What is needed
Retype only the lines below from the one with "GLUE!ASCII 1998 :." to the one with "Оборудованная кухня, с", inclusive, skipping every image.

Supplied information
==================================================

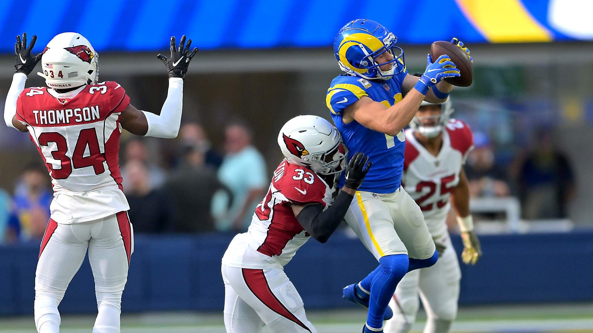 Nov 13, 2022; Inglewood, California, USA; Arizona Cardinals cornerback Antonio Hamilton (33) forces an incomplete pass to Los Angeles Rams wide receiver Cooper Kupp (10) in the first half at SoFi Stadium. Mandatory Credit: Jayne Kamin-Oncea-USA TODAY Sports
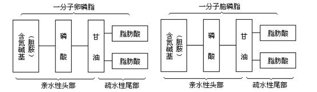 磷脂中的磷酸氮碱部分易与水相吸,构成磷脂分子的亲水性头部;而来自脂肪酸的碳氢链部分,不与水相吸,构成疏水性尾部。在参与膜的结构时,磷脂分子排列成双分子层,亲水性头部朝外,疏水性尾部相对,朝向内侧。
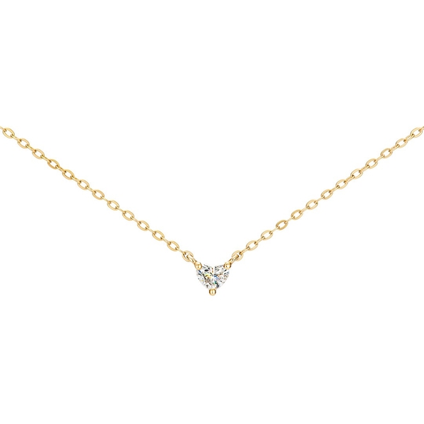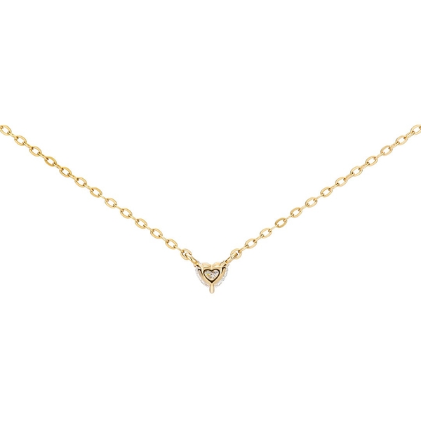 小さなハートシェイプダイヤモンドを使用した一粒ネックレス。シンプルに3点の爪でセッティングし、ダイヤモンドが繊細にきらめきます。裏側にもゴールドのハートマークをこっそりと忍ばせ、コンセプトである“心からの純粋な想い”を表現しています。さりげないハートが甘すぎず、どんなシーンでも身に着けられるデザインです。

==================================================

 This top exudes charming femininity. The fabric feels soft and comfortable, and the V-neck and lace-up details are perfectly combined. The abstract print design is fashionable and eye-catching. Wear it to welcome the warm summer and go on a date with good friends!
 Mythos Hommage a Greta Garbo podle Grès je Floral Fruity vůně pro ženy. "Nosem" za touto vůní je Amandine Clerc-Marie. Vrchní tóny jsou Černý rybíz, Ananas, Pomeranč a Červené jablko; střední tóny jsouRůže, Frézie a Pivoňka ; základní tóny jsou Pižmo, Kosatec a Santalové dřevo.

==================================================

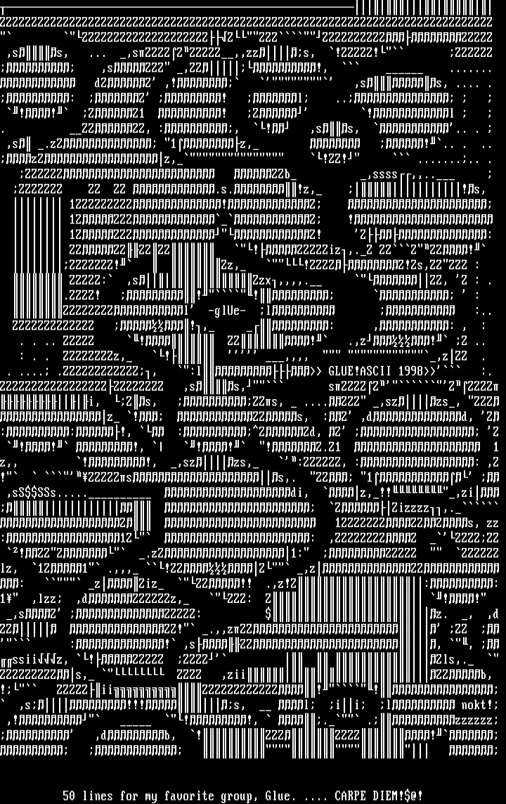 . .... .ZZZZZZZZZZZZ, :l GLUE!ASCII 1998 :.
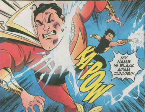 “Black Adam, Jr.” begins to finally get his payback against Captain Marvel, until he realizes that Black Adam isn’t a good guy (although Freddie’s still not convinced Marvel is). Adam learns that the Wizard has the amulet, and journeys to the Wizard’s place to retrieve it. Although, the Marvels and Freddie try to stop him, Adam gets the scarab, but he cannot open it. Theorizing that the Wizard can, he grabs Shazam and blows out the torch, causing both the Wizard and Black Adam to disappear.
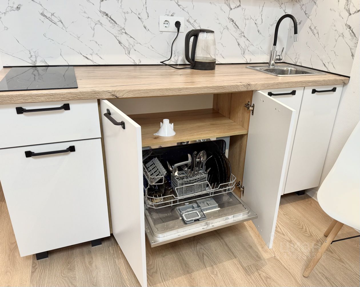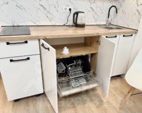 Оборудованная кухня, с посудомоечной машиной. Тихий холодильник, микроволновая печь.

==================================================

Task output
 . .... .ZZZZZZZZZZZZ, :l GLUE!ASCII 1998 :.
 “Black Adam, Jr.” begins to finally get his payback against Captain Marvel, until he realizes that Black Adam isn’t a good guy (although Freddie’s still not convinced Marvel is). Adam learns that the Wizard has the amulet, and journeys to the Wizard’s place to retrieve it. Although, the Marvels and Freddie try to stop him, Adam gets the scarab, but he cannot open it. Theorizing that the Wizard can, he grabs Shazam and blows out the torch, causing both the Wizard and Black Adam to disappear.
 Оборудованная кухня, с посудомоечной машиной. Тихий холодильник, микроволновая печь.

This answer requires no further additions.